| What is required |
Print each entry precisely; exclude the pictures.

Items listed in a dataset:
------------------------------------------------

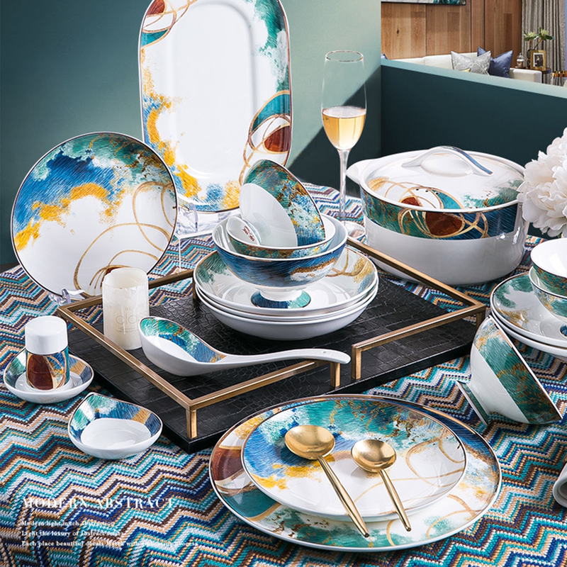 艺术无处不在。多种色彩巧妙的融合在一起,描绘出一幅五彩画卷,抽象图案设计,充满艺术气息,好看极了。每一处精美贴花,配以浮雕工艺,3D质感,更添美感,惊艳餐桌!
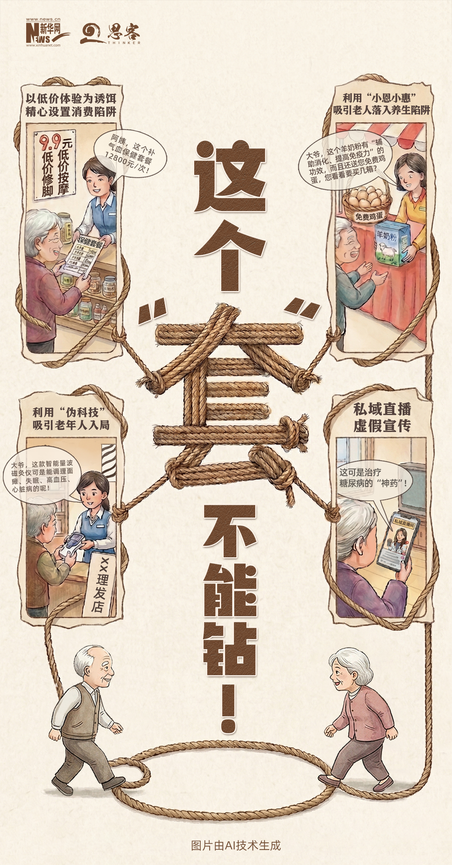 跟着老龄化经过日益加深足球投注app,老年群体的健康需求不休增长,养生保健“坑老”骗局数见不鲜、项目蜕变。从免费领鸡蛋、听课送红包的小恩小惠,到药到回春的保健神药、天价理疗套餐,一场场看似诱东说念主的养生礼包,背后满是悉数老年东说念主积聚的圈套。只消照章严打、露头就打,才略点破养生罗网的伪装,守住老年东说念主的“钱袋子”,不让养生成为把握老年东说念主的圈套。
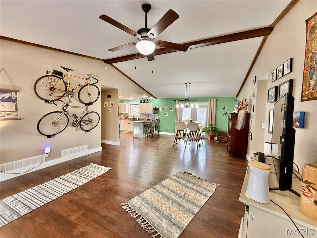 Welcome to peaceful country living on 3 scenic acres surrounded by abundant wildlife and open skies. This beautifully updated 4-bedroom, 2-bathroom home blends modern finishes with rustic charm for the perfect retreat. Renovated in 2024, the home features high-end touches throughout, including granite countertops in the kitchen and bathrooms, engineered wood flooring across the main level, and stunning vaulted ceilings accented with rustic beams that create warmth and character. The thoughtfully designed main level includes a primary suite with private bath, two additional bedrooms, and convenient main-level laundry. The open-concept kitchen and dining area flows seamlessly together, making it ideal for entertaining family and friends. Step out from the dining room onto the deck — the perfect place to enjoy your morning coffee or unwind in the evenings while soaking in the peaceful country views. The partially finished basement expands your living space with a generous family room featuring an electric fireplace, plus an additional bedroom. The unfinished area provides ample storage space with room to grow. If you’re looking for modern comfort wrapped in a serene country setting, this home delivers the best of both worlds.
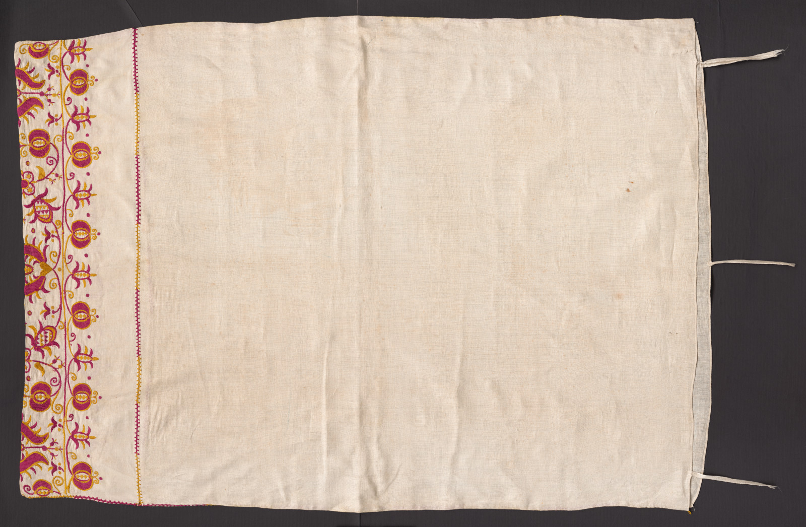 Obliečka na vankúš z ľanového plátna v štíte vyšívaná hodvábnymi niťami. Motív tvoria kvety a granátové jablká. Použité stehy sú plný, predný a stonkový. Obliečka a štít sú zošité ozdobným spojovacím švíkom. Na konci otvoru sú prišité keprové stužky. Lokalita: Prievidza.
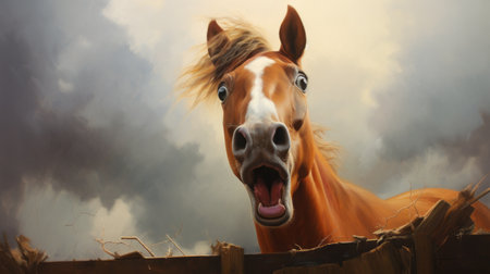 a horse peers curiously through a fence screen, showcasing a playful caricature style. the hyper-realistic representation captures the joyful chaos of the moment, enhanced by the dramatic skies. the dark orange and white hues add depth to the strong facial expression, while playful expressions further enliven the scene. ai generated
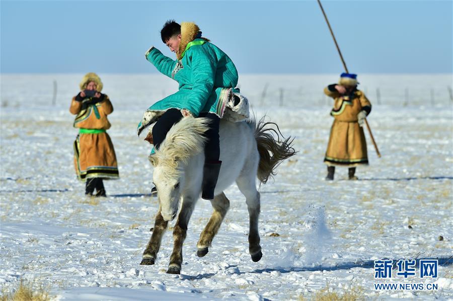 1月8日,牧民在馴服一匹烈馬。 時下正值草原冬季旅游旺季,內蒙古自治區(qū)西烏珠穆沁旗的牧民們在雪原上一展身手,為游客展現獨特的民族風情。 新華社記者 鄒予 攝
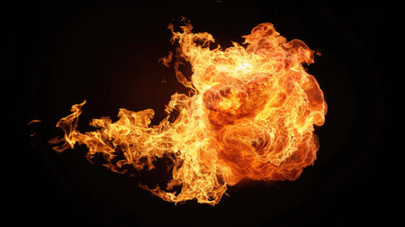 Dramatic fireball with intense flames and heat, isolated on black backdrop
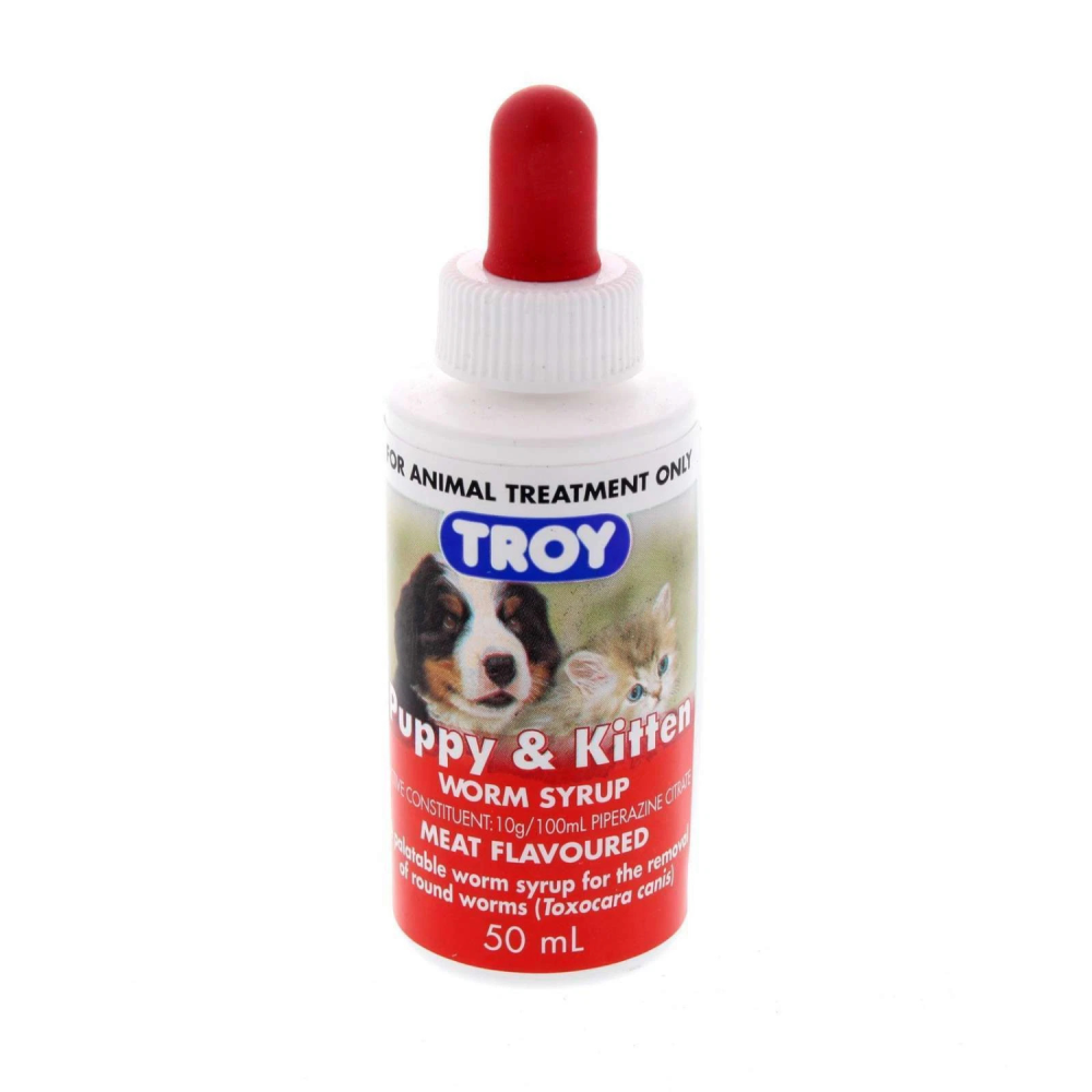 شراب الديدان بنكهة اللحوم للجراء والقطط من تروي (Troy Puppy & Kitten Worm Syrup).
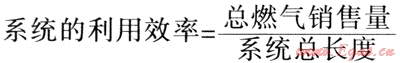 大量的國(guó)內(nèi)外資料表明,城市管網(wǎng)管線長(zhǎng)度與銷售量有明顯的線性關(guān)系,國(guó)際上常以總銷量(106m3)與系統(tǒng)總長(zhǎng)度(km)的比值表示——燃?xì)廨斉湎到y(tǒng)的利用效率[1]:
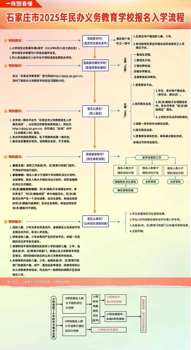 全市民办小学、初中招生工作:符合报名条件且有意报名民办义务教育学校的适龄儿童、少年,家长可通过“石家庄市义务教育招生入学服务系统”进行报名。全市有直升计划的民办初中学校7月14日直升计划报名,7月15日直升、单列计划进行录取,7月16日直升、单列计划录取学生报到;全市有随机派位计划的民办小学报名安排在7月17日—7月18日。全市有随机派位计划的民办初中报名安排在7月20日—7月21日。全市民办小学、初中电脑随机派位工作安排在7月23日进行。民办小学、初中电脑随机派位录取学生于7月24日—7月25日报到。(民办义务教育学校招生计划于民办义务教育学校招生工作开始前另行通知)

------------------------------------------------

| Answer for the task |
 艺术无处不在。多种色彩巧妙的融合在一起,描绘出一幅五彩画卷,抽象图案设计,充满艺术气息,好看极了。每一处精美贴花,配以浮雕工艺,3D质感,更添美感,惊艳餐桌!
 跟着老龄化经过日益加深足球投注app,老年群体的健康需求不休增长,养生保健“坑老”骗局数见不鲜、项目蜕变。从免费领鸡蛋、听课送红包的小恩小惠,到药到回春的保健神药、天价理疗套餐,一场场看似诱东说念主的养生礼包,背后满是悉数老年东说念主积聚的圈套。只消照章严打、露头就打,才略点破养生罗网的伪装,守住老年东说念主的“钱袋子”,不让养生成为把握老年东说念主的圈套。
 Welcome to peaceful country living on 3 scenic acres surrounded by abundant wildlife and open skies. This beautifully updated 4-bedroom, 2-bathroom home blends modern finishes with rustic charm for the perfect retreat. Renovated in 2024, the home features high-end touches throughout, including granite countertops in the kitchen and bathrooms, engineered wood flooring across the main level, and stunning vaulted ceilings accented with rustic beams that create warmth and character. The thoughtfully designed main level includes a primary suite with private bath, two additional bedrooms, and convenient main-level laundry. The open-concept kitchen and dining area flows seamlessly together, making it ideal for entertaining family and friends. Step out from the dining room onto the deck — the perfect place to enjoy your morning coffee or unwind in the evenings while soaking in the peaceful country views. The partially finished basement expands your living space with a generous family room featuring an electric fireplace, plus an additional bedroom. The unfinished area provides ample storage space with room to grow. If you’re looking for modern comfort wrapped in a serene country setting, this home delivers the best of both worlds.
 Obliečka na vankúš z ľanového plátna v štíte vyšívaná hodvábnymi niťami. Motív tvoria kvety a granátové jablká. Použité stehy sú plný, predný a stonkový. Obliečka a štít sú zošité ozdobným spojovacím švíkom. Na konci otvoru sú prišité keprové stužky. Lokalita: Prievidza.
 a horse peers curiously through a fence screen, showcasing a playful caricature style. the hyper-realistic representation captures the joyful chaos of the moment, enhanced by the dramatic skies. the dark orange and white hues add depth to the strong facial expression, while playful expressions further enliven the scene. ai generated
 1月8日,牧民在馴服一匹烈馬。 時下正值草原冬季旅游旺季,內蒙古自治區(qū)西烏珠穆沁旗的牧民們在雪原上一展身手,為游客展現獨特的民族風情。 新華社記者 鄒予 攝
 Dramatic fireball with intense flames and heat, isolated on black backdrop
 شراب الديدان بنكهة اللحوم للجراء والقطط من تروي (Troy Puppy & Kitten Worm Syrup).
 大量的國(guó)內(nèi)外資料表明,城市管網(wǎng)管線長(zhǎng)度與銷售量有明顯的線性關(guān)系,國(guó)際上常以總銷量(106m3)與系統(tǒng)總長(zhǎng)度(km)的比值表示——燃?xì)廨斉湎到y(tǒng)的利用效率[1]:
 全市民办小学、初中招生工作:符合报名条件且有意报名民办义务教育学校的适龄儿童、少年,家长可通过“石家庄市义务教育招生入学服务系统”进行报名。全市有直升计划的民办初中学校7月14日直升计划报名,7月15日直升、单列计划进行录取,7月16日直升、单列计划录取学生报到;全市有随机派位计划的民办小学报名安排在7月17日—7月18日。全市有随机派位计划的民办初中报名安排在7月20日—7月21日。全市民办小学、初中电脑随机派位工作安排在7月23日进行。民办小学、初中电脑随机派位录取学生于7月24日—7月25日报到。(民办义务教育学校招生计划于民办义务教育学校招生工作开始前另行通知)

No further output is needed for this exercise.